Market analysts largely expect gold prices to maintain their upward trajectory. This outlook is based on rising bets that the US Fed could implement three additional rate cuts by the end of 2026. Since gold is a non-yielding asset, it tends to perform exceptionally well in low-interest-rate environments. Recent comments from Fed officials, including San Francisco Fed President Mary Daly and Fed Governor Christopher Waller, have further solidified market expectations for a policy easing as early as next month.
The CME's FedWatch tool reflects this strong sentiment, indicating that US rate futures are now pricing in an 87% probability of a rate cut in December. This is a substantial increase from 50% just a week prior. A contributing factor to gold's appeal has been the US dollar's weakness, which was headed for its worst week since late July. A softer dollar makes gold cheaper for holders of other currencies, thereby stimulating demand.
However, analysts also caution that optimism about a US-led peace plan for the Russia-Ukraine conflict could potentially limit further sharp gains in gold prices by reducing its safe-haven appeal.

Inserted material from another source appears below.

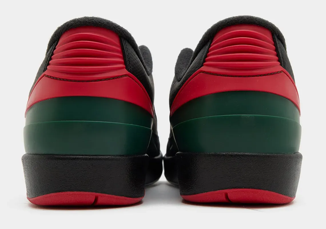 Pourquoi ce clin d’œil ? Car à l'origine, la AJ 2 se voulait un modèle haut de gamme et sa fabrication s'était alors installée de l'autre côté des Alpes. La tige en cuir noir est ainsi complétée de bandes vertes sur sa base arrière, tandis que des finitions en rouge bonifient l'ensemble, sur le logo « Air Jordan » présent sur la languette notamment.
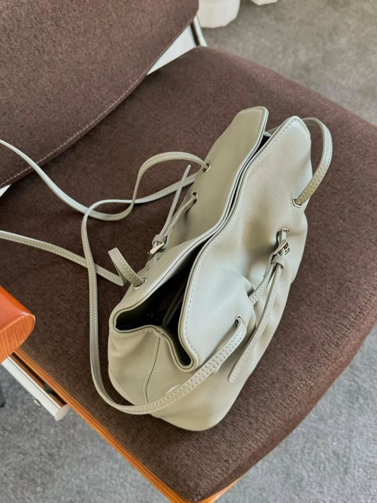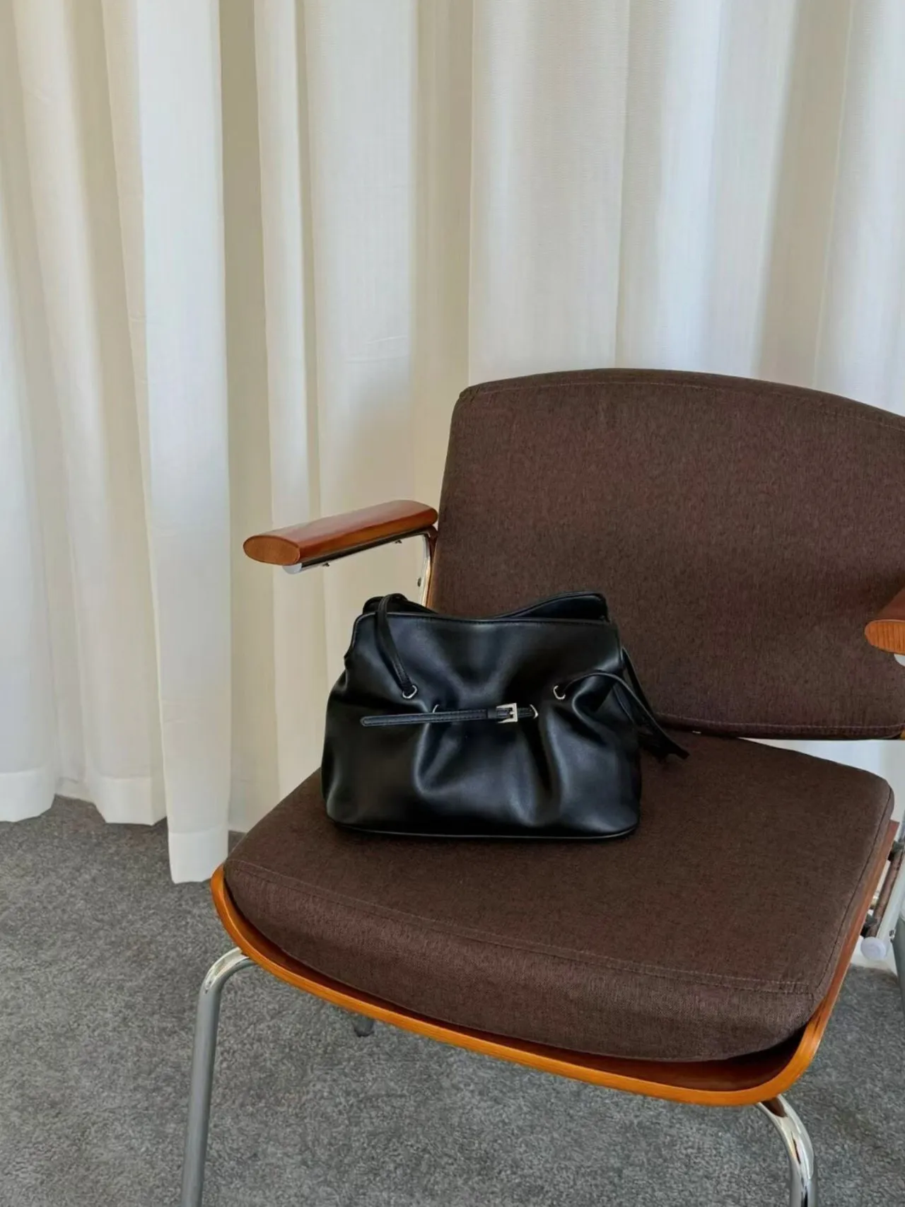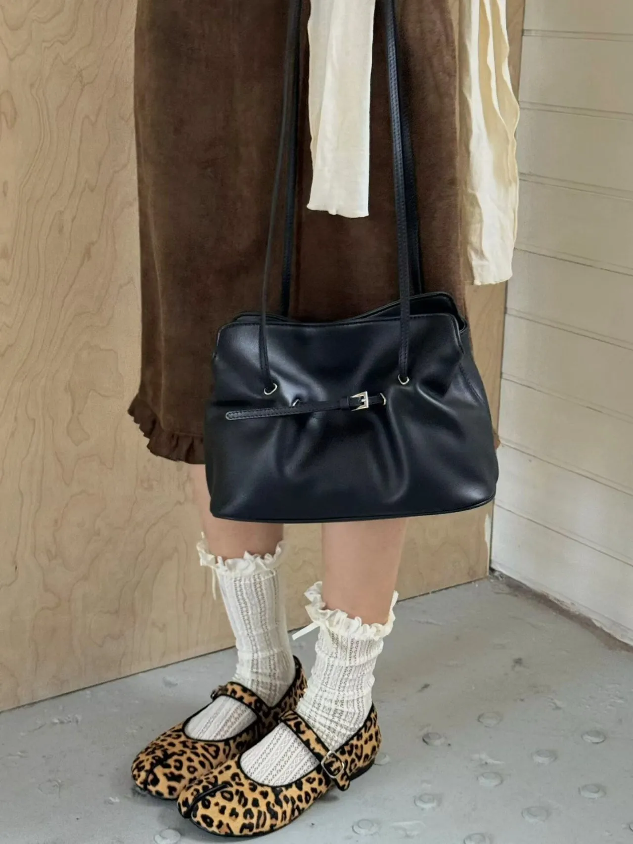 カウレザーバックルシンプルショルダーバッグストラップ付

Despite this, Trivedi maintains a bullish stance, expecting gold prices to remain strong or even climb higher due to continued safe-haven demand and potential macroeconomic triggers. He offers clear guidance for investors: "Thus, if the goal is long-term preservation of wealth or a hedge against inflation and volatility — rather than trying to 'time the bottom' — buying gold now can be a reasonable decision."
He provided specific technical levels, identifying ₹1,30,000 per 10 grams as a near-term resistance and ₹1,26,000 per 10 grams as a strong support level. His concrete recommendation for traders is to "go long in the December month for a target of ₹1,30,000 per 10 grams with a stop loss near ₹1,27,000 per 10 grams."